» **TASK ITEM**:
Below this sentence is a listing; return exactly its lines from the one with "ورابعها: عن بلغ" to the one with "在 Moz 進行的涉及", both kept, and nothing more.

» **INFORMATION SUPPLIED**:
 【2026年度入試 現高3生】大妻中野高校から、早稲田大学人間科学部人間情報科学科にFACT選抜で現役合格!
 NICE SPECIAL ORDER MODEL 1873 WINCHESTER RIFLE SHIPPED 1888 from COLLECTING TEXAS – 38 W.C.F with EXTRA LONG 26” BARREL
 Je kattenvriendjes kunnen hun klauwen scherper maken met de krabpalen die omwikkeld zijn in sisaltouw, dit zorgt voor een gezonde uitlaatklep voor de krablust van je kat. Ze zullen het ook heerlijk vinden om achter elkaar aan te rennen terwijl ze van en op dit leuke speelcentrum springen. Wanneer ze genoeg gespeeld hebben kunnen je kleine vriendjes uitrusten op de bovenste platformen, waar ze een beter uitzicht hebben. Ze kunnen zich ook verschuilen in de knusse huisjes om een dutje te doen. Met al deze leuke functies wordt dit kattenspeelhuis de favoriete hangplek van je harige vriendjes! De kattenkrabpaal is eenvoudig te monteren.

...

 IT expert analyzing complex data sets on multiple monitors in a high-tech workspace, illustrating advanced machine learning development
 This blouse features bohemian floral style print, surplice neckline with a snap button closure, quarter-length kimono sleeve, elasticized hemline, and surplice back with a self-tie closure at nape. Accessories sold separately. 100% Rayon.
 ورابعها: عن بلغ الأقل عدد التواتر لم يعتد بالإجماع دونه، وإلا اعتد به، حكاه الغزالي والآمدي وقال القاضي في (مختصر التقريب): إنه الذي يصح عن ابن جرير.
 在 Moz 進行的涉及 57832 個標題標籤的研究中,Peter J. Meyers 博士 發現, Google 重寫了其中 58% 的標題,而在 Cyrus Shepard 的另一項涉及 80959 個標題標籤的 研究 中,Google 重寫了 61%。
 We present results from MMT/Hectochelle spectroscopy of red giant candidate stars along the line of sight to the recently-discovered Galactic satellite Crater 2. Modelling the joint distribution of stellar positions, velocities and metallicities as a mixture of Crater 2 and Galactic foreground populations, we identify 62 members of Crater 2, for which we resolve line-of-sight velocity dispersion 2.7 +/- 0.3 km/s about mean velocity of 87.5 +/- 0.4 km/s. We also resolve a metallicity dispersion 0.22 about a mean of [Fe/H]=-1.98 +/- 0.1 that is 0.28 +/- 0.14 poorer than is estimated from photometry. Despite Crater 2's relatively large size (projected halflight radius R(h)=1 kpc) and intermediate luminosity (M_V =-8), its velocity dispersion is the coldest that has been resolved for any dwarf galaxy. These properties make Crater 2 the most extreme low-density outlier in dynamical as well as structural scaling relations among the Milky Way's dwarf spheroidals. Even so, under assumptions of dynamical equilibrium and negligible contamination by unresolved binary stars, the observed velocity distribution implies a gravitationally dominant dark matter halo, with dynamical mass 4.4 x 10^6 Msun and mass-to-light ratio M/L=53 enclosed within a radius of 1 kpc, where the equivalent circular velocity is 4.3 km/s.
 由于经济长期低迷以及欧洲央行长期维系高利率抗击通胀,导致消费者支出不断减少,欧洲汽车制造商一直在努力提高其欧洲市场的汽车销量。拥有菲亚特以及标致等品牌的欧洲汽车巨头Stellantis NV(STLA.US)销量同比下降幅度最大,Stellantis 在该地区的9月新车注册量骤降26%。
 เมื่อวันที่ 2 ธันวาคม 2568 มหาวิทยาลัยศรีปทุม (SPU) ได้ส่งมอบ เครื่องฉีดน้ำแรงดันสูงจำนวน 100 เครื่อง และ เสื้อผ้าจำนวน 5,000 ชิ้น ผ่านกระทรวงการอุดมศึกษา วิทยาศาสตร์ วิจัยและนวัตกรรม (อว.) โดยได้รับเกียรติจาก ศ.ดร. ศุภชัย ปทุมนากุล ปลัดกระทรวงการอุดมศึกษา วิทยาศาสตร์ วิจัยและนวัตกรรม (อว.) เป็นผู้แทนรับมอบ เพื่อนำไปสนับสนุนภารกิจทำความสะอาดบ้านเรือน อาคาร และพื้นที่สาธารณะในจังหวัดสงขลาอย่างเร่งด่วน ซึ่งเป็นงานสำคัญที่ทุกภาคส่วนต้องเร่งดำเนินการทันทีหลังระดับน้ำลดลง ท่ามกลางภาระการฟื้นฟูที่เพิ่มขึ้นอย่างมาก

--

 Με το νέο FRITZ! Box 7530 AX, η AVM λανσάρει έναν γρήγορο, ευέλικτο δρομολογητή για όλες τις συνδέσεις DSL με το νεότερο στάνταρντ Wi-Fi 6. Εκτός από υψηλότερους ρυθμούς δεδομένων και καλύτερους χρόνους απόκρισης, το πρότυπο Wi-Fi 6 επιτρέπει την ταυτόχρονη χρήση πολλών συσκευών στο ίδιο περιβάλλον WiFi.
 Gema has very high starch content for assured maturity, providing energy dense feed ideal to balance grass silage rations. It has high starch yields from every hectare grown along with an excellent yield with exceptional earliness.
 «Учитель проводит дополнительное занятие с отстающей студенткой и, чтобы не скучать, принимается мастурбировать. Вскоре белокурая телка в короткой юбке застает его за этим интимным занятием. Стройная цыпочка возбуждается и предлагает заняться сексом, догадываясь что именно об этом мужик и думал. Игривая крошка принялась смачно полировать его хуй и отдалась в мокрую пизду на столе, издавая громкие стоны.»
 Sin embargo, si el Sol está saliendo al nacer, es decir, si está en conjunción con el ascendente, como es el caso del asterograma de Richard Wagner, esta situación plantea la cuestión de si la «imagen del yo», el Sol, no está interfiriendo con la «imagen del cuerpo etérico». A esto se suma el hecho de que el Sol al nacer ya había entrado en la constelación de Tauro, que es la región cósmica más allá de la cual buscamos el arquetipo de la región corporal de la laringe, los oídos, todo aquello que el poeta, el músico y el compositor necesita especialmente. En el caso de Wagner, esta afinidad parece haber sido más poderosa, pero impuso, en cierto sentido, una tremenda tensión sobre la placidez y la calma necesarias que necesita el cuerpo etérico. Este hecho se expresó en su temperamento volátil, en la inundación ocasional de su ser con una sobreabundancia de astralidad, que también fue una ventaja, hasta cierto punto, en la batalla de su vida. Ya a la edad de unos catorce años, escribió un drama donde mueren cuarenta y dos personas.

» **WRITTEN SOLUTION**:
 ورابعها: عن بلغ الأقل عدد التواتر لم يعتد بالإجماع دونه، وإلا اعتد به، حكاه الغزالي والآمدي وقال القاضي في (مختصر التقريب): إنه الذي يصح عن ابن جرير.
 在 Moz 進行的涉及 57832 個標題標籤的研究中,Peter J. Meyers 博士 發現, Google 重寫了其中 58% 的標題,而在 Cyrus Shepard 的另一項涉及 80959 個標題標籤的 研究 中,Google 重寫了 61%。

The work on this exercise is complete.